**DATA EXTRACTS:**
--------------------------------
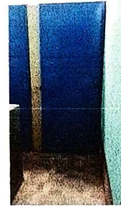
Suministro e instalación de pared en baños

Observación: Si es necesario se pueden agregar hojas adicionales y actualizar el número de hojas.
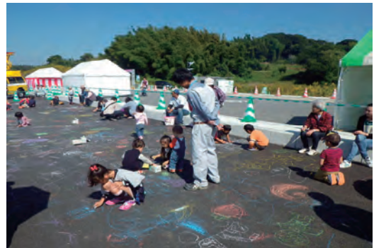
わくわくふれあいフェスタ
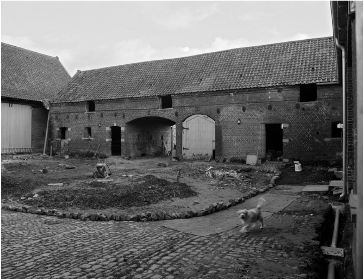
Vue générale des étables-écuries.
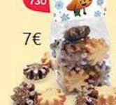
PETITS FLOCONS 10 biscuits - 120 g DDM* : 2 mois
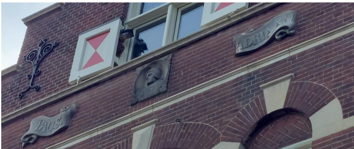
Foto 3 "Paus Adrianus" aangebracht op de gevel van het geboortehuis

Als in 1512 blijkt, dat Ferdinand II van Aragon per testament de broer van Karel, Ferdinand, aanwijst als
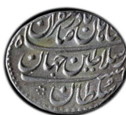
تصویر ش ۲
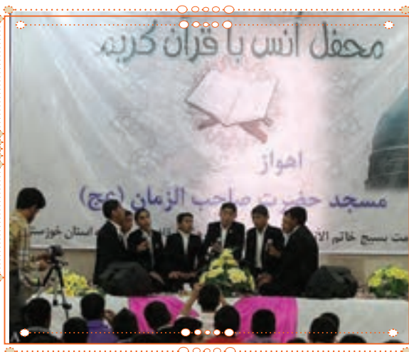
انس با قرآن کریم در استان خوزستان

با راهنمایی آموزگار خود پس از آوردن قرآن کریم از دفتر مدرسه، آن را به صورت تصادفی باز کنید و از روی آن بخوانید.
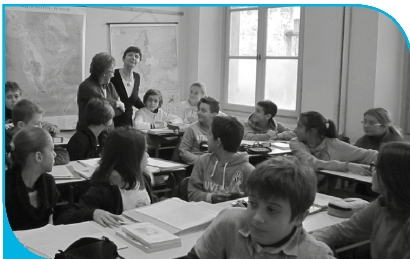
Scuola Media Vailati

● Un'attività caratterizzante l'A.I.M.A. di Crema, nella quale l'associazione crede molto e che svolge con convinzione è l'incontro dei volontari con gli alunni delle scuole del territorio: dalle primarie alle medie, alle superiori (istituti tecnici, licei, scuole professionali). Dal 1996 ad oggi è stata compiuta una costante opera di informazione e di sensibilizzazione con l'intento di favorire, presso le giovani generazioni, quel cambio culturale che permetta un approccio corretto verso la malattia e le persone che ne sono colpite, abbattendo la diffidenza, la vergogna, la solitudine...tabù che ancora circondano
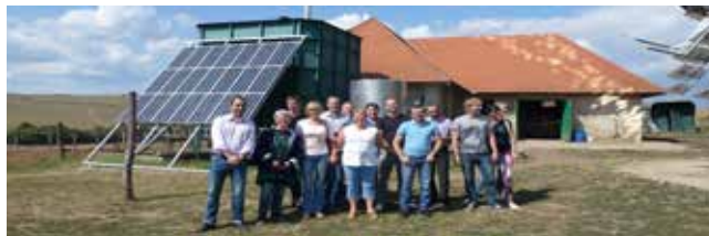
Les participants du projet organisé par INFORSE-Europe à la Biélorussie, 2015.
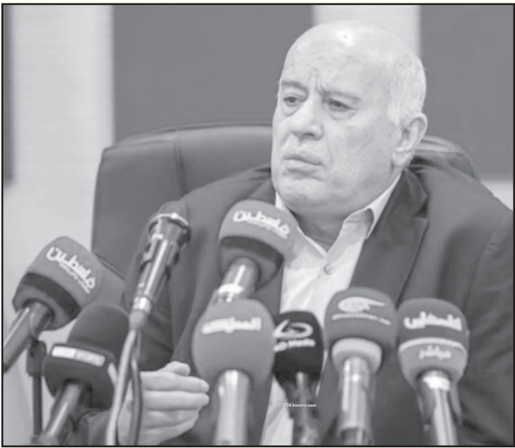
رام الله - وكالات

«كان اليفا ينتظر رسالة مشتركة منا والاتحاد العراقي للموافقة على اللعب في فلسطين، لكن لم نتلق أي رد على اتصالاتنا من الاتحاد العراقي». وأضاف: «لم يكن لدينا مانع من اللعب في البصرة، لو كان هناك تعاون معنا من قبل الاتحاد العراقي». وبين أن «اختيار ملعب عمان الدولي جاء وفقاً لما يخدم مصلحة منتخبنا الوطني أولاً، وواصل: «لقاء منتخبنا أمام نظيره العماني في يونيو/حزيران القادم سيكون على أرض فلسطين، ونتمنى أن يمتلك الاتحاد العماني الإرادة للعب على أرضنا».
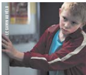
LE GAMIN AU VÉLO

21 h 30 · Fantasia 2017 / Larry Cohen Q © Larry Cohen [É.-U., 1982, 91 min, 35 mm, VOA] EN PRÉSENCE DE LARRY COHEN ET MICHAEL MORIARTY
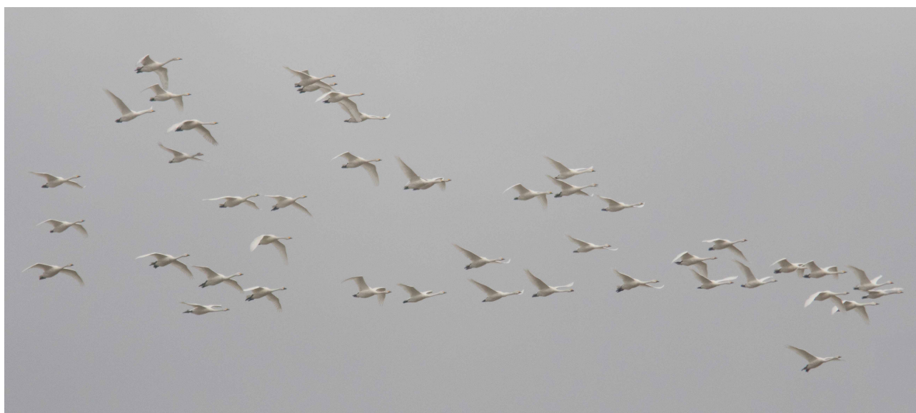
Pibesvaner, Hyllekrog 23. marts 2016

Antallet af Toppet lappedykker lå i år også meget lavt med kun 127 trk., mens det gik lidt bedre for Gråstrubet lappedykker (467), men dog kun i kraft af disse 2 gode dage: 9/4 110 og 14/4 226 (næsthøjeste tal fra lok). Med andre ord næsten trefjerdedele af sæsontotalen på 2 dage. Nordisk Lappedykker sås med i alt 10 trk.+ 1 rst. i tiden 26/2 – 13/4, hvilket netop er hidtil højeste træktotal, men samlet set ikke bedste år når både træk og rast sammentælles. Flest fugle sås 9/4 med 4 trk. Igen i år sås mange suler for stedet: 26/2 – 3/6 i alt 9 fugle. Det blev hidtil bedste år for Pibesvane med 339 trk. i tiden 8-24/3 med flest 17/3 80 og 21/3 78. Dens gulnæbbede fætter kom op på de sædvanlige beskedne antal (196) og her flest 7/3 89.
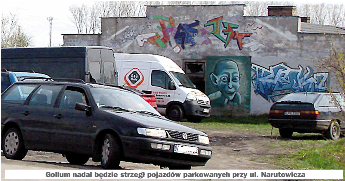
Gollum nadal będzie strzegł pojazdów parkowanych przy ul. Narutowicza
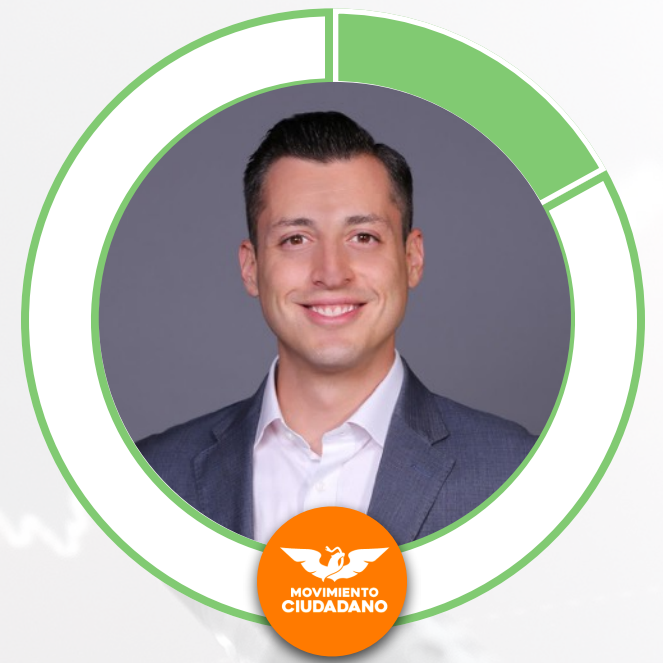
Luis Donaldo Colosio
--------------------------------
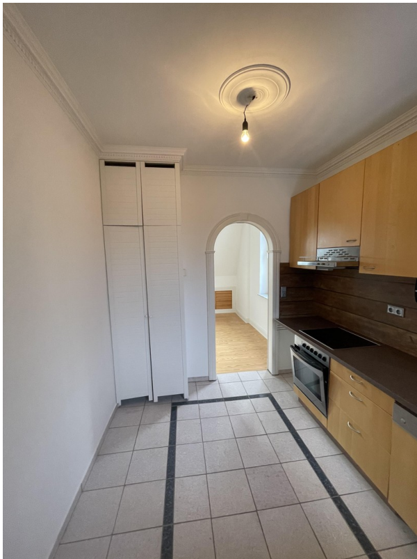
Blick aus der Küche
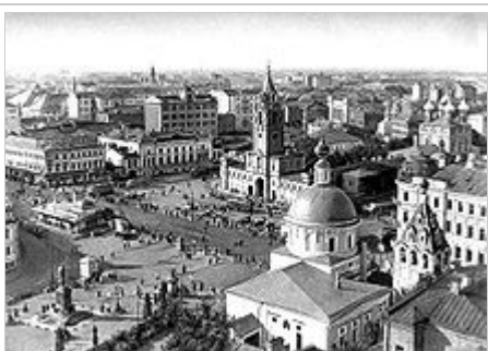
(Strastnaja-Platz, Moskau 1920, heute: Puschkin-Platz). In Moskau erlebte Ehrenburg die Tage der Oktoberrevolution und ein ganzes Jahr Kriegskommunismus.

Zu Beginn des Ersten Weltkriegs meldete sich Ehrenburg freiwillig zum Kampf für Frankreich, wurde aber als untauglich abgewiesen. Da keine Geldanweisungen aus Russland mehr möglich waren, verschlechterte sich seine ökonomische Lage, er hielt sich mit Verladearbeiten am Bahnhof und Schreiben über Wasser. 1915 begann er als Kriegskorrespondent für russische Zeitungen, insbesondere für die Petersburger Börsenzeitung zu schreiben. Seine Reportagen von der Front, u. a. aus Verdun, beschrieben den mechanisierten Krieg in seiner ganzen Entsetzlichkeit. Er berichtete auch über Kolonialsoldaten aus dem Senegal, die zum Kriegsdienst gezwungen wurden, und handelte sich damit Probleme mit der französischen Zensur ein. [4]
--------------------------------
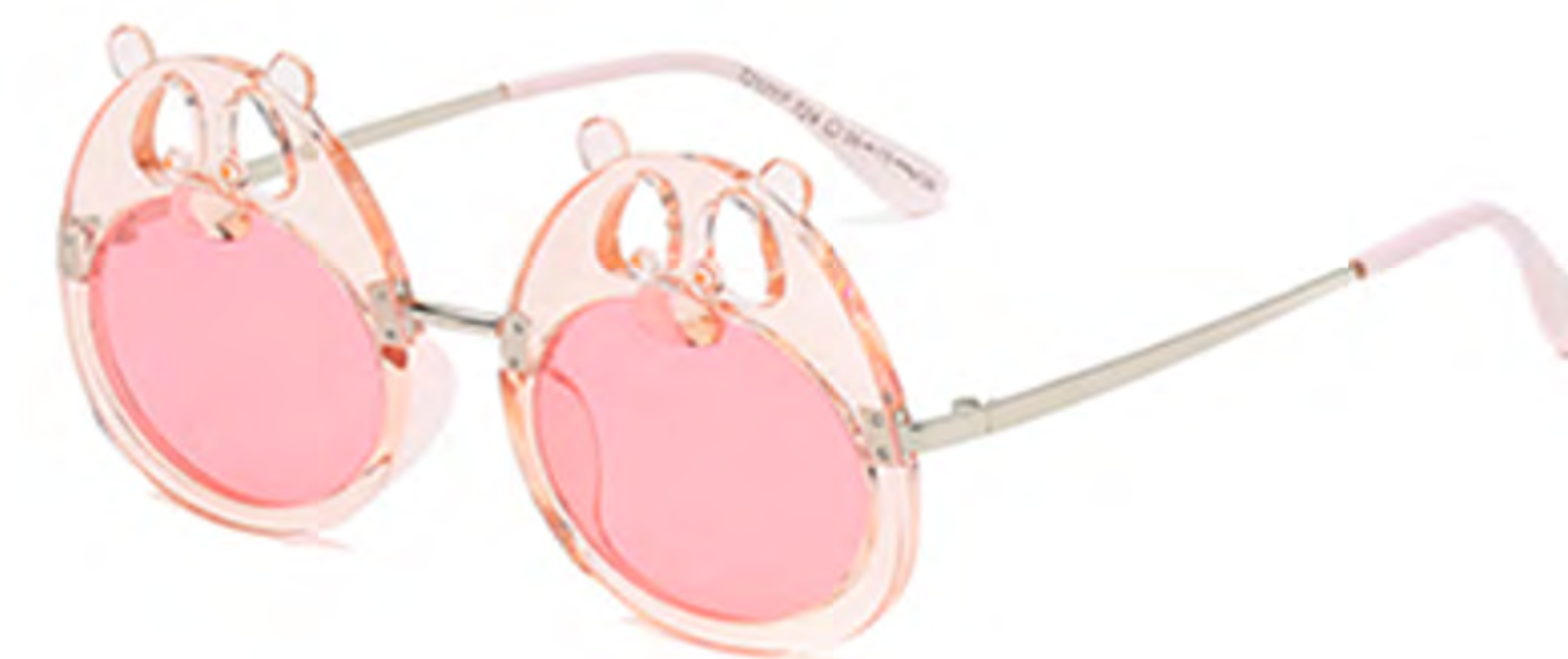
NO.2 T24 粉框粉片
--------------------------------
**WORK ITEM:**
Whenever the word "قرآن" occurs in a line of the records, that line counts toward the total; state the total only.

**YOUR RESPONSE:**
2